P𝟎𝟎 = 𝟎𝟎*𝟎𝟎' ⊗ I(2) # projections
P𝟎𝟏 = 𝟎𝟏*𝟎𝟏' ⊗ I(2)
P𝟏𝟎 = 𝟏𝟎*𝟏𝟎' ⊗ I(2)
P𝟏𝟏 = 𝟏𝟏*𝟏𝟏' ⊗ I(2);

ρψ = ψ*ψ' # density operator
p𝟎𝟎 = tr(ρψ * P𝟎𝟎) |> real # probabilities
p𝟎𝟏 = tr(ρψ * P𝟎𝟏) |> real
p𝟏𝟎 = tr(ρψ * P𝟏𝟎) |> real
p𝟏𝟏 = tr(ρψ * P𝟏𝟏) |> real;

@info "  The probability of |𝟎𝟎⟩ is $p𝟎𝟎"
@info "  The probability of |𝟎𝟏⟩ is $p𝟎𝟏"
@info "  The probability of |𝟏𝟎⟩ is $p𝟏𝟎"
@info "  The probability of |𝟏𝟏⟩ is $p𝟏𝟏"

┌ Info:   The probability of |𝟎𝟎⟩ is 0.2499999999999999
┌ Info:   The probability of |𝟎𝟏⟩ is 0.2499999999999999
┌ Info:   The probability of |𝟏𝟎⟩ is 0.2499999999999999
┌ Info:   The probability of |𝟏𝟏⟩ is 0.2499999999999999

All outcomes have the same chance of appearing.

icollapsed = argmax([p𝟎𝟎, p𝟎𝟏, p𝟏𝟎, p𝟏𝟏])
icollapsed = rand(1:4) # to avoid taking always the first
Pcollapsed = [P𝟎𝟎, P𝟎𝟏, P𝟏𝟎, P𝟏𝟏][icollapsed];

x = (icollapsed == 2 || icollapsed == 4) |> Int
z = (icollapsed == 3 || icollapsed == 4) |> Int
@info "  Alice measured x = $x and z = $z"
@info "  Alice qubits collapsed to $(["|𝟎𝟎⟩", "|𝟎𝟏⟩", "|𝟏𝟎⟩", "|𝟏𝟏⟩"][icollapsed])"

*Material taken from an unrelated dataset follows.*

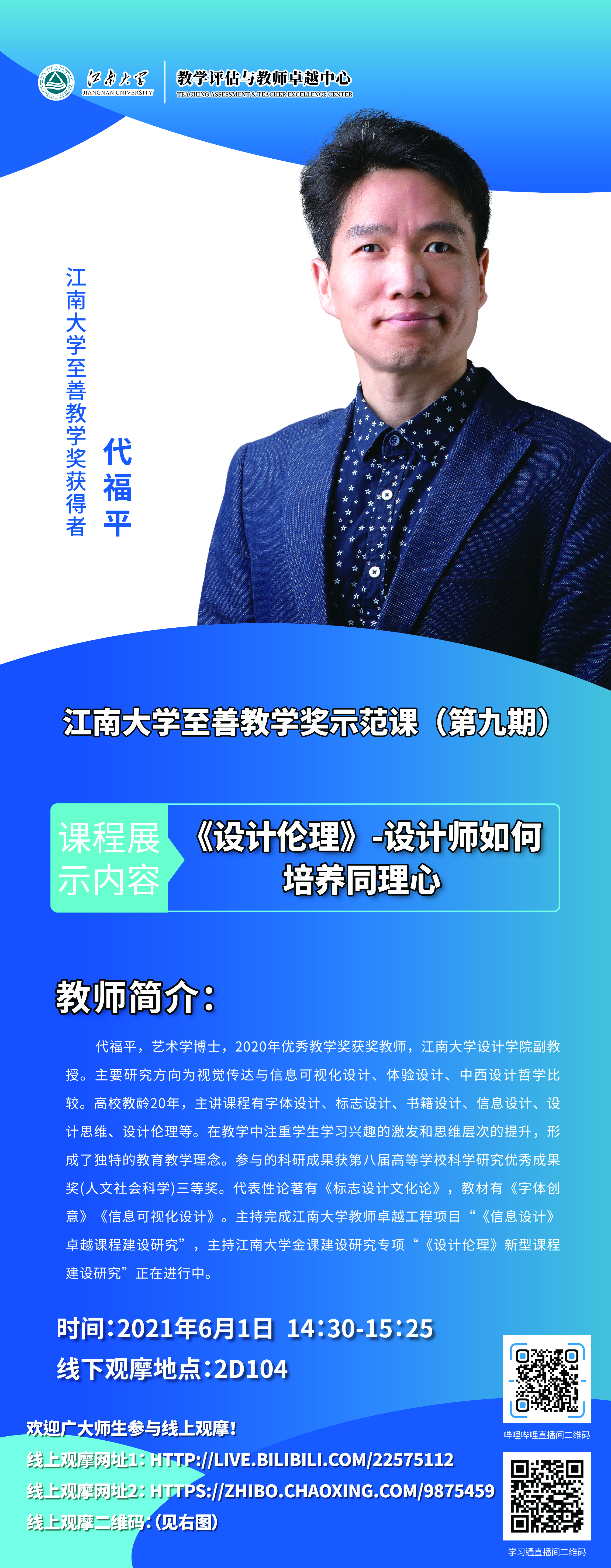 报名方式:请老师们扫描下方二维码,关注“江南大学教学评估与教师卓越中心”微信公众号,进入“学习大厅”进行活动报名。线下报名未成功教师可选择线上观摩学习,线上观摩网址:http://live.bilibili.com/22575112,或https://zhibo.chaoxing.com/9875459。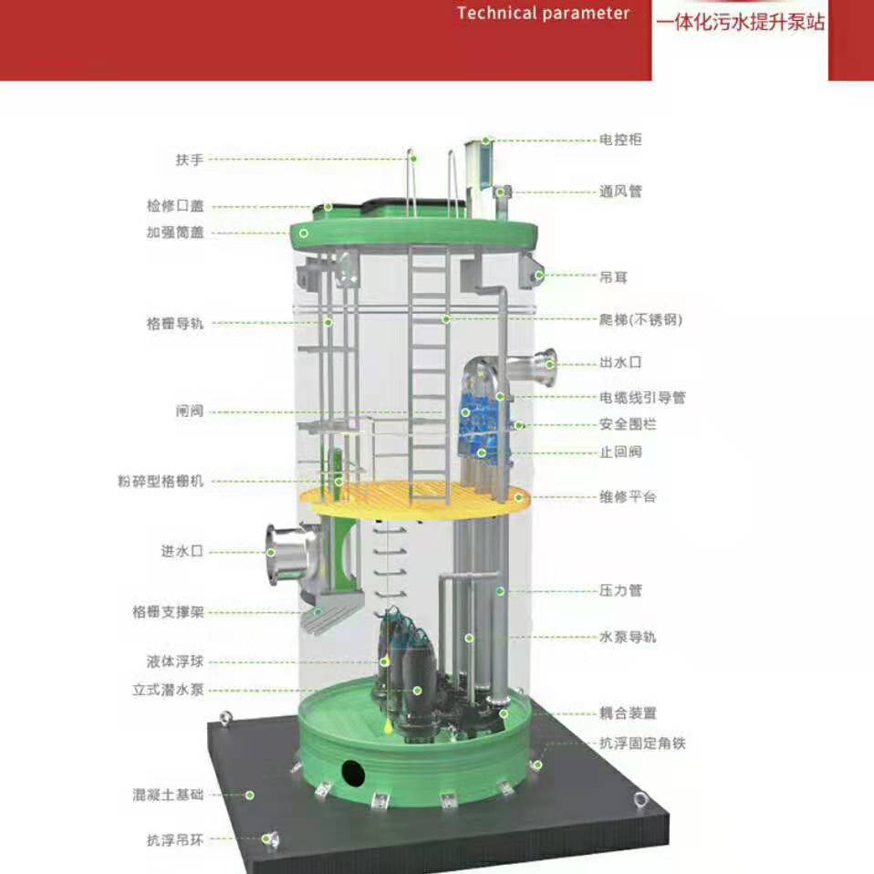 一體化的提升泵站,設置在水源附近和自來水廠向居民供水,利用增壓泵站的提升裝置,可以迅速穩(wěn)定地將水源運輸?shù)阶詠硭畯S和供給居民。避免了傳統(tǒng)供水設備、蓄水池成本高、土地占有多、供水不穩(wěn)定的問題。一體化污水泵站,污水流入泵站達到液面?zhèn)鞲悬c,泵站自動切斷污水,提高作業(yè)。將污水中的固體物、纖維物攪拌均勻,只能通過75mm直徑的微粒子,利用提升裝置加壓排出污水。從而實現(xiàn)管道污水排放流暢無堵塞,迅速運往污水處理廠。

┌ Info:   Alice measured x = 1 and z = 0
┌ Info:   Alice qubits collapsed to |𝟎𝟏⟩

The resulting two classical bits are shared to Bob, who uses them to process his entangled bit.

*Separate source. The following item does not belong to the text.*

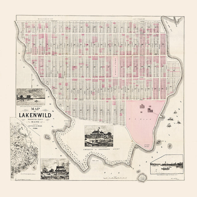 1886 Map of Lakenwild Washington County Maine - 16" x 16" Matte is backordered and will ship as soon as it is back in stock.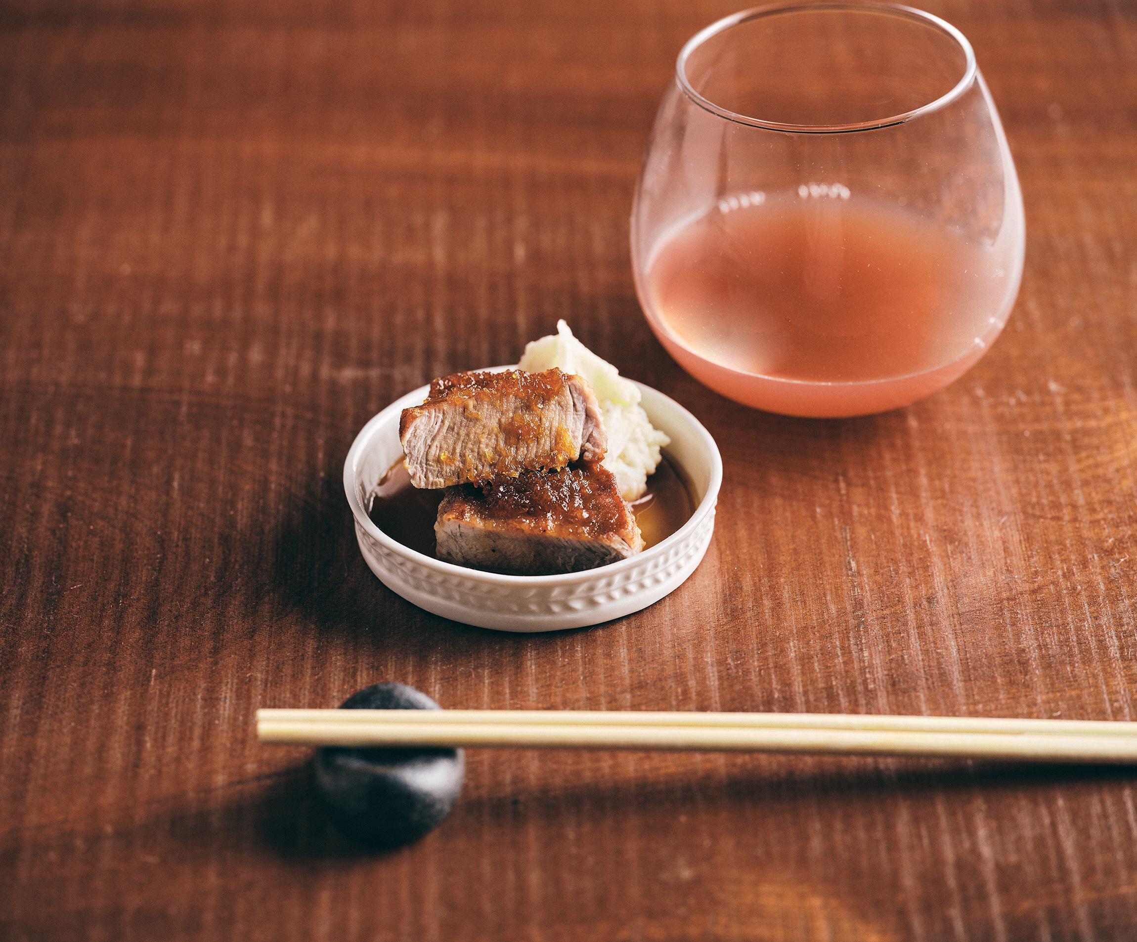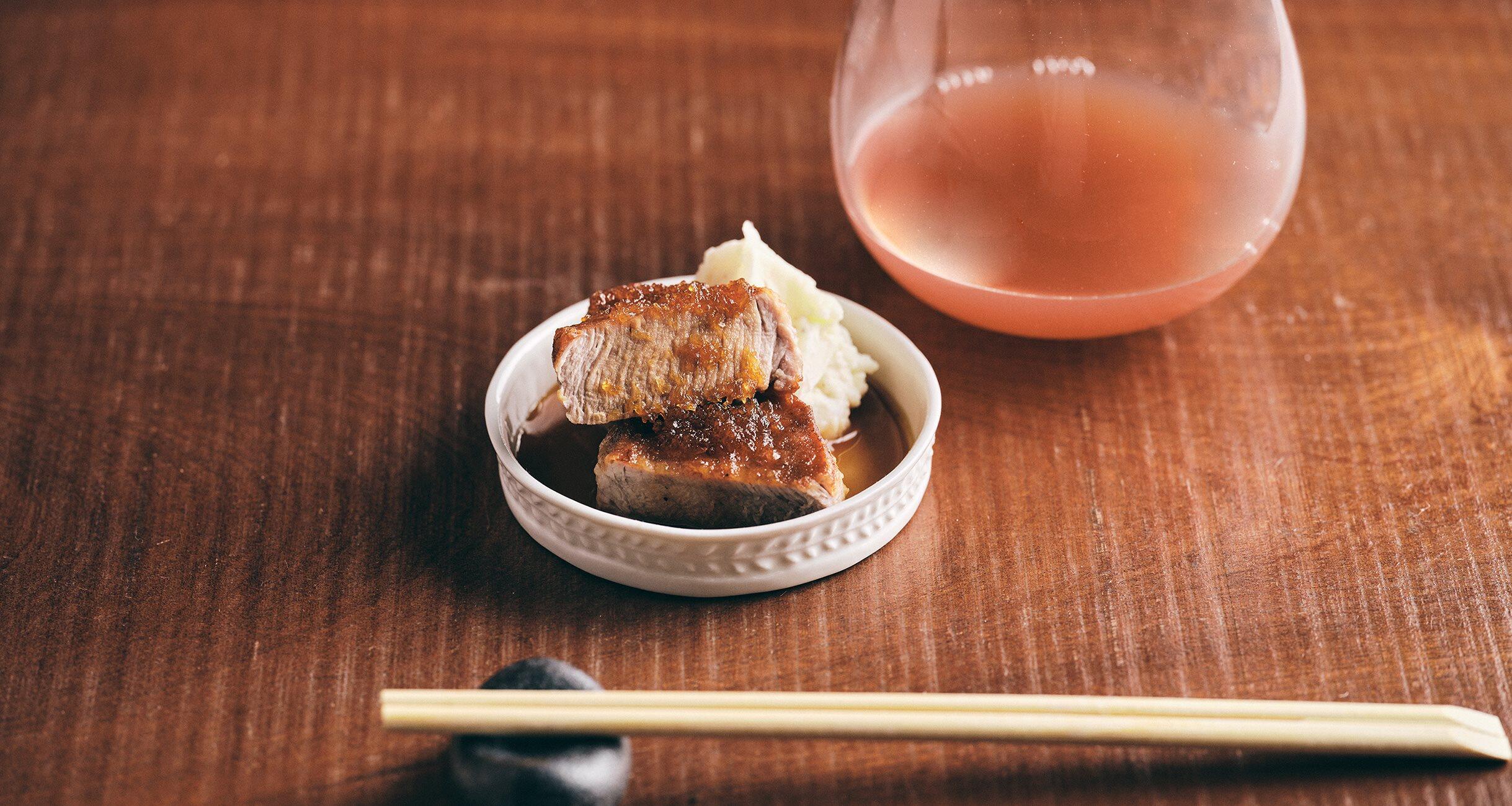 厚い豚肉をじっくり焼く。“焼きすぎ”くらいまでしっかり中まで火を通すことで、肉の断面に繊維が浮かび上がり、魔法のたれがよくからむ!柔軟な発想を持った東京・飯田橋にある酒場「ル ジャングレ」の有澤貴司シェフらしい、ユニークな組み合わせの豆皿つまみレシピです。

range = 2icollapsed-1:2icollapsed
ψ = normalize!(Pcollapsed*ψ)[range] # state after measurement of 𝟎𝟎
ψ = Z^z * X^x * ψ # Bob uses Alice classical bits x and z
@assert _ψ ≈ ψ "Teleported state has been corrupted"
@info "  Teleported |ψ⟩ = ($(ψ[1])) |𝟎⟩ + ($(ψ[2])) |𝟏⟩ !!"

┌ Info:   Teleported |ψ⟩ = (0.75190393025605 + 0.5381299416639849im) |𝟎⟩ + (0.3808630272817531 + 0.0im) |𝟏⟩ !!

This is awesome! We have teleported a vast amount information just moving two bits. It is like seeing a sportsman pulling a truck with his beard!

Teleportation technology

While this may seem just a theoretical result, recent experiments suggest that an internet based on quantum technology could be feasible. A collaborative team of researchers teleported qubits (as photon states) over a 44 km fiber optic with a fidelity above 90%. The results have been published in PRX Quantum.